In his new team’s much-anticipated 2008 lid-lifter, Rodriguez—no longer the bearer of the West Virginia banner—was on the receiving end of a loss in which the final score projected a level of closeness and drama that the game’s events clearly didn’t match.
An honest accounting of this contest can only acknowledge what was seen in the Big House: Of Michigan’s four scores—three touchdowns and a field goal—only one did not follow what one could call, in football terms, a catastrophic event. Two Michigan scores followed Ute turnovers that were more the result of careless ballhandling than defensive prowess. A third score for UM followed a blocked punt that was the result of deficient Utah protection more than Michigan excellence. The only Wolverine tally that did not follow a big Utah blunder was a field goal that came after a minor Utah mistake, a personal foul penalty at the end of a Michigan kickoff return. And that field goal was a 51-yard bomb which came at the end of a mediocre 17-yard drive.
Numbers, as is so often the case in both sports and life, failed to tell the real story in this game. If Utah did not serve points to Michigan on a shiny silver platter, the Wolverines’ offense—left to its own devices and forced to march downfield—would have registered that one lonely field goal. Almost all the scores Michigan accumulated were hand-delivered by the generous visitors from the Great Salt Lake.

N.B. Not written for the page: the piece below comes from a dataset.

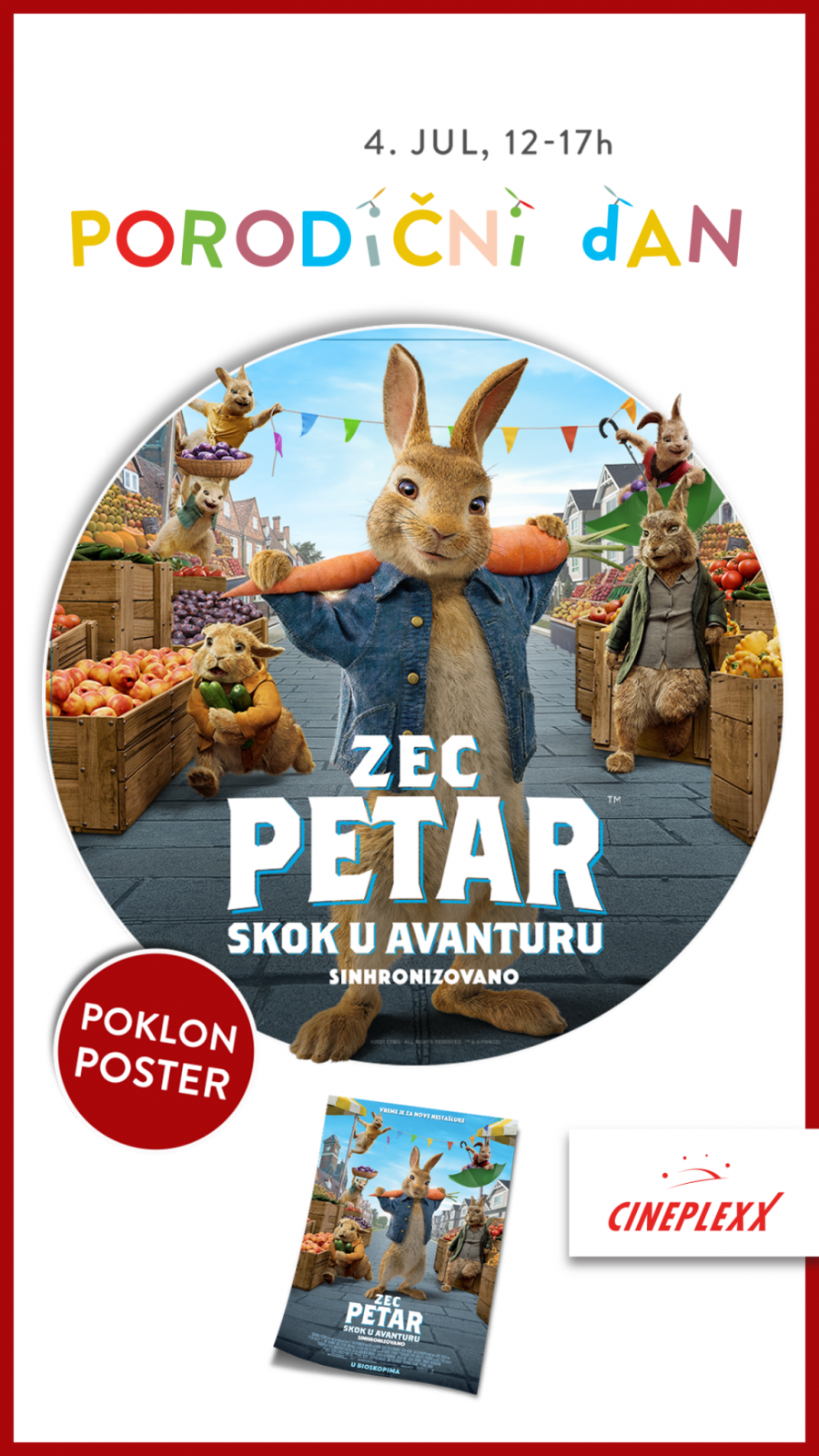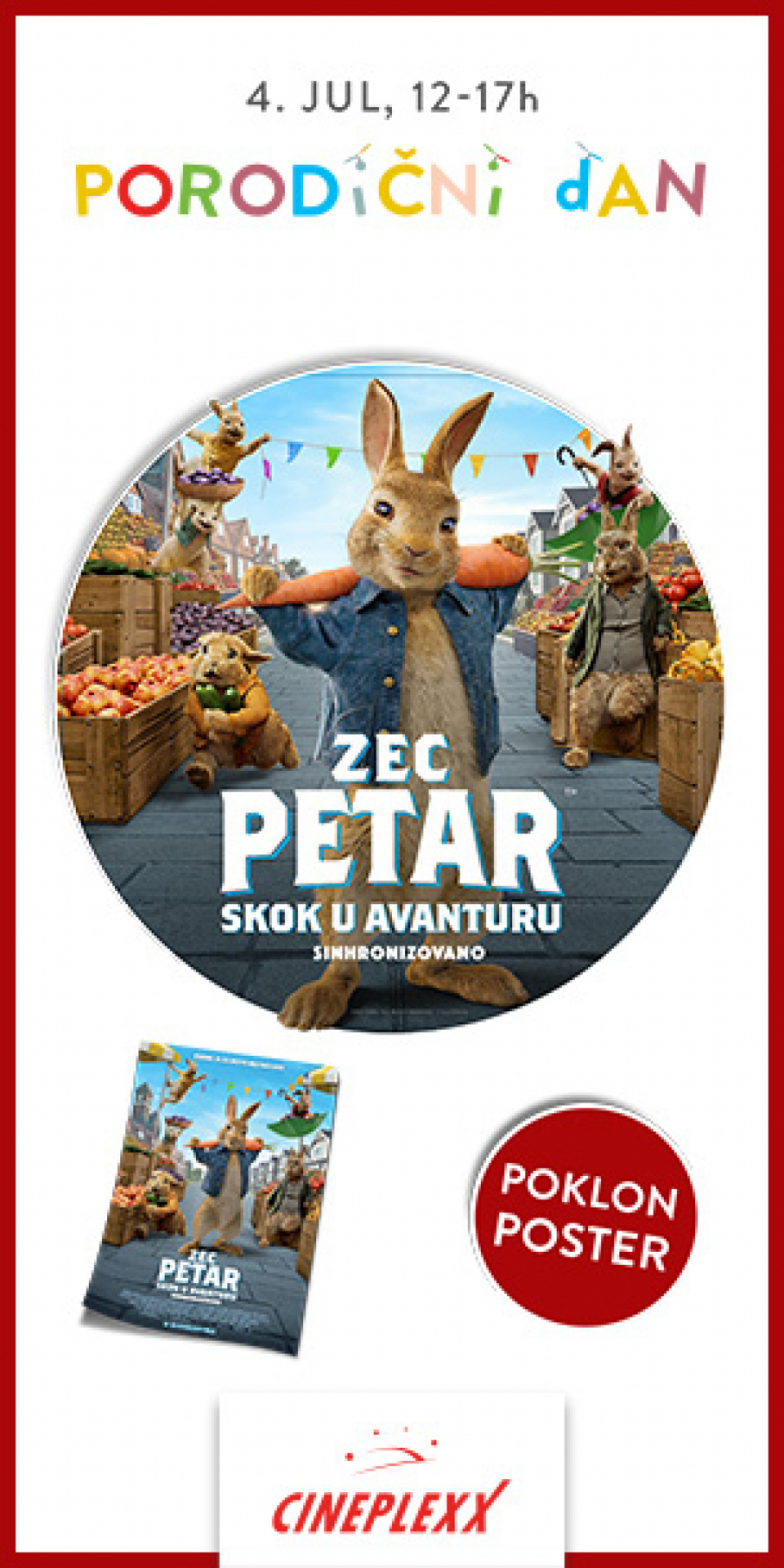 Uz svaku kupljenu kartu obradovaćemo mališane poklon posterom filma „Zec Petar – skok u avanturu“.

This game is put into proper perspective when one considers that, after Utah stopped making particularly consequential mistakes (the turnovers, the blocked kicks, the penalties) and merely made lesser mistakes in the fourth quarter (such as dropping screen passes), the Wolverines’ offense—starting on their own side of the field—could do absolutely nothing. Much like the 2006 Sugar Bowl--when West Virginia fooled around for long stretches against Georgia but ultimately won every battle when the game was on the line--Utah similarly clobbered Michigan whenever the moment demanded it. Rich Rodriguez experienced the other side of life in a game that was scoreboard-tight but qualitatively lopsided.
If this game taught America anything, it established that the Wolverines—who are frankly likely to excel under Rodriguez in the long run—are in for a terribly difficult 2008 campaign. Michigan is a mess, with a transition to a head coach who had a brutally miserable offseason and then inherited a team bereft of proven veteran talent. With the departure of Chad Henne and Mike Hart and a group of formidable receivers, Michigan’s stable was comparatively empty this season. Add in the installation of a new offensive system from a staff outside the Michigan family, and you had a recipe for hardship this Autumn. In 2009 and 2010, the Maize and Blue could very well blossom once again, but for one year, this program will not be a player on the national scene. Ohio State’s biggest contender in the Big Ten will reside in Madison, Champaign, or some other locale other than Ann Arbor.
As for Utah, it’s hard to get a read on this team coming out of this contest. The Utes did get the big road win, but they hardly set the world on fire. With the truckload of really ugly mistakes they made, especially during their complete offensive collapse in the fourth quarter, it’s both difficult and unwise to anoint the Utes as the next big thing in the world of non-BCS conference teams intent on crashing the Fiesta Bowl or another January showcase. Utah has too many deficiencies to shore up, and showed too many signs of mental frailty against the Wolverines this afternoon, to be considered a BCS party-crasher at this point in the season. The boys from Salt Lake will have to work hard—and develop an elusive consistency—before they can attain a higher place in college football’s pecking order. They might have dominated Michigan on Saturday, but they should have had a much larger margin of victory to show for it.